Кир пожал плечами, не отрываясь от монитора своего компьютера.
— Героиня пьесы Оскара Уайльда?
— А что, Адам заинтересован как-то в этой пьесе? — задал еще один вопрос Рэтлифф. — Он ее тоже решил поставить, и в этом сезоне, не многовато?
— Ну, нет, — Кир выглянул из-за монитора. — Во-первых, это не так быстро, во-вторых, я бы точно знал, это же мороки сколько, а в-третьих, Адам никогда не говорил ничего похожего ни про Уйальда, ни про Саломею.

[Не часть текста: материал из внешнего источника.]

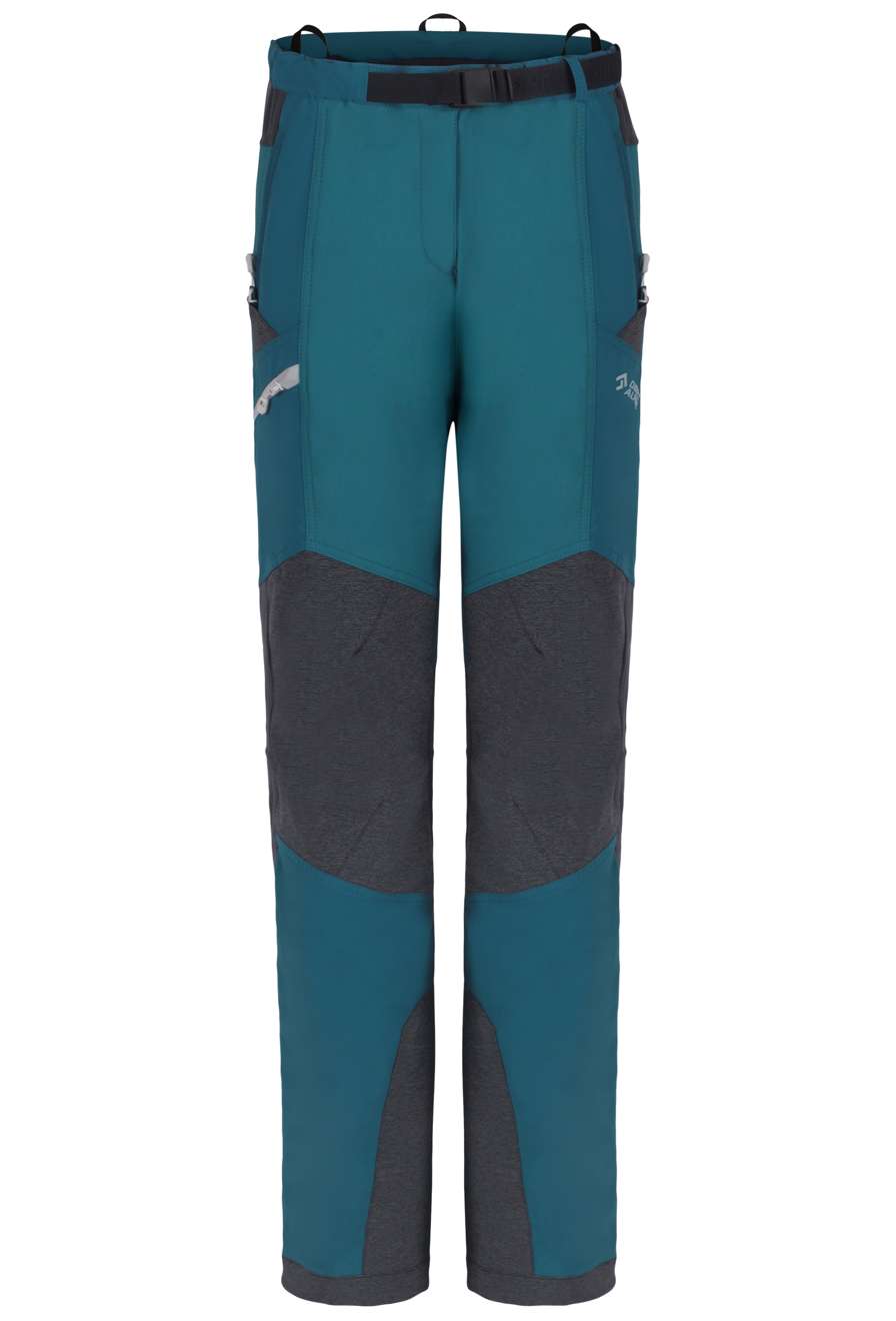CASCADE LADY Women's Outdoor Pants are designed for high-altitude trekking, climbing, ice climbing, mountaineering, and regular hiking. They are made from a durable blend containing Cordura® known for its excellent durability and abrasion resistance. The warmer brushed material not only provides warmth but also efficiently wicks away moisture.

— Интересно, — протянул Томми. — Мне тоже недавно пришлось столкнуться с этой Саломеей.
— Надеюсь, не в прямом смысле столкнуться? — пошутил секретарь. — Если я не ошибаюсь, барышня скончалась… эээ… — он застучал по клавиатуре. — Ну да, между тридцатым и шестидесятым годами нашей эры. Она бы тебе не понравилась, старушка.
— Кто старушка? — Адам, действительно, быстро вернулся. — Вы про кого?
— Про Саломею, — ответил Томми и помахал конвертом. — Такие странные совпадения, скажу я тебе.